The following code shows one way to handle the multidimensional vector at once, i.e. non-recursively. It could be improved in several ways which I didn't consider for now (for instance, I wouldn't want to use and pass that many arrays but rather use variadic parameter lists. This however requires much more and more diffcult code, so I'll let it be.)
#include <numeric>
template<size_t Dim, typename T>
struct MultiDimVector
{
std::array<size_t, Dim> Ndim;
std::array<size_t, Dim> stride;
std::vector<T> container;
MultiDimVector(std::array<size_t, Dim> const& _Ndim) : Ndim(_Ndim), container(size())
{
stride[0] = 1;
for (size_t i = 1; i<Dim; ++i)
{
stride[i] = stride[i - 1] * Ndim[i - 1];
}
}
size_t size() const
{
return std::accumulate(Ndim.begin(), Ndim.end(), 1, std::multiplies<size_t>());
}
size_t get_index(std::array<size_t, Dim> const& indices) const
{
//here one could also use some STL algorithm ...
size_t ret = 0;
for (size_t i = 0; i<Dim; ++i)
{
ret += stride[i] * indices[i];
}
return ret;
}
T const& operator()(std::array<size_t, Dim> const& indices) const
{
return container[get_index(indices)];
}
};
You can use it like
MultiDimVector<3, double> v({ 3, 2, 5 }); //initialize vector of dimension 3x2x5
auto a = v({0,1,0}); //get element 0,1,0
But as I wrote, the curly brackets suck, so I'd rewrite the whole thing using variadic templates.

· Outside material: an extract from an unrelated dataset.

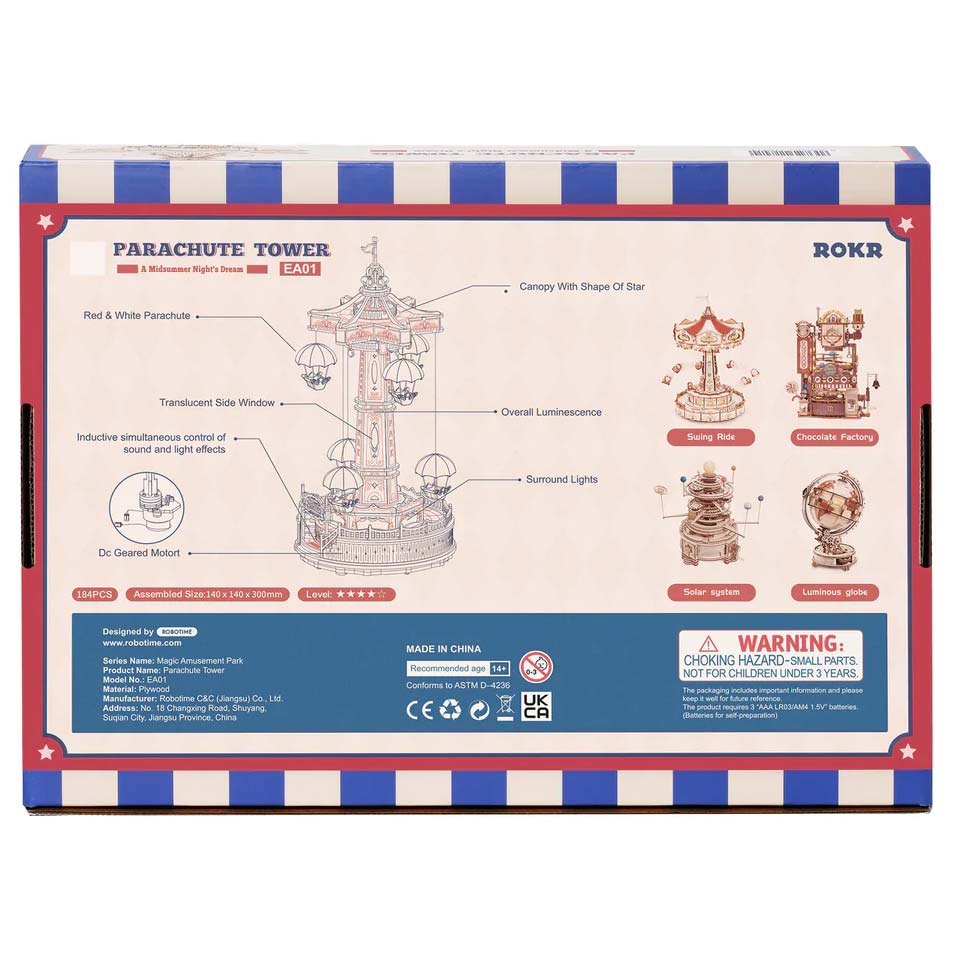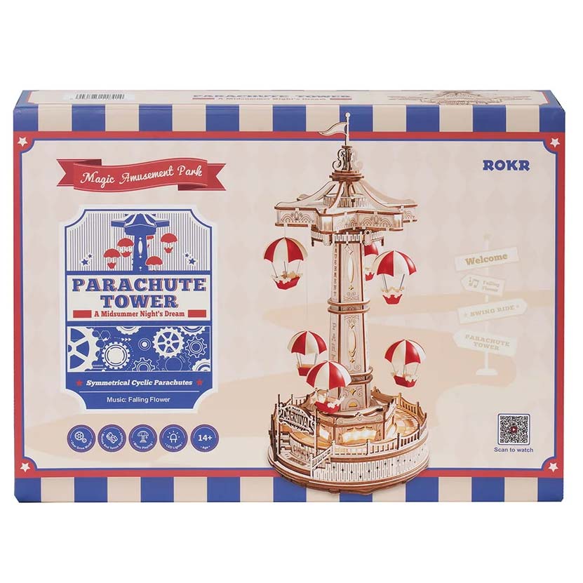 Das Modell Parachute Tower ist eine DIY Music Box. Der Bausatz besteht aus 184 Teilen und beinhaltet alle notwendigen technischen Elemente, damit sich die Fallschirme von alleine bewegen können. Während der Bewegung wird "Falling Flower" gespielt. Das Modell ist außerdem mit Licht ausgestattet.

The problem with your approach is that you're not initializing any memory inside the vector and just trying to return non-existent memory spots. Something on the line of the following (WARNING: uncleaned and unrefactored code ahead):
#include <iostream>
#include <vector>
template<int dim,typename T> class n_dim_vector {
public:
typedef std::vector<typename n_dim_vector<dim - 1, T>::vector> vector;
};
template<typename T> class n_dim_vector <0, T> {
public:
typedef T vector;
};
template<int dim, typename T> class n_dim_ssc {
public:
typename n_dim_vector<dim, T>::vector searchspace;
n_dim_ssc() {}
n_dim_ssc(typename n_dim_vector<dim, T>::vector space) : searchspace(space) {}
n_dim_ssc<dim-1, T> operator[](std::size_t i) {
if(searchspace.size() < ++i)
searchspace.resize(i);
return n_dim_ssc<dim-1, T>(searchspace[--i]);
}
typename n_dim_vector<dim, T>::vector get() {
return searchspace;
}
};
template<typename T> class n_dim_ssc<0,T> {
public:
typename n_dim_vector<0, T>::vector searchspace;
n_dim_ssc() {}
n_dim_ssc(typename n_dim_vector<0, T>::vector space) : searchspace(space) {}
typename n_dim_vector<0, T>::vector get() {
return searchspace;
}
};
int main(int argc, char** argv) {
n_dim_ssc<0, int> ea;
int a = ea.get();
n_dim_ssc<1, int> ea2;
auto dd2 = ea2[0].get();
n_dim_ssc<2, int> ea3;
auto dd3 = ea3[0][0].get();
}
Try it out
will work with an accessor method (you can modify this as you want).
Anyway I strongly have to agree with Kerrek: a contiguous memory space accessed in a multi-dimensional array fashion will both prove to be faster and definitely more maintainable/easier to use and read.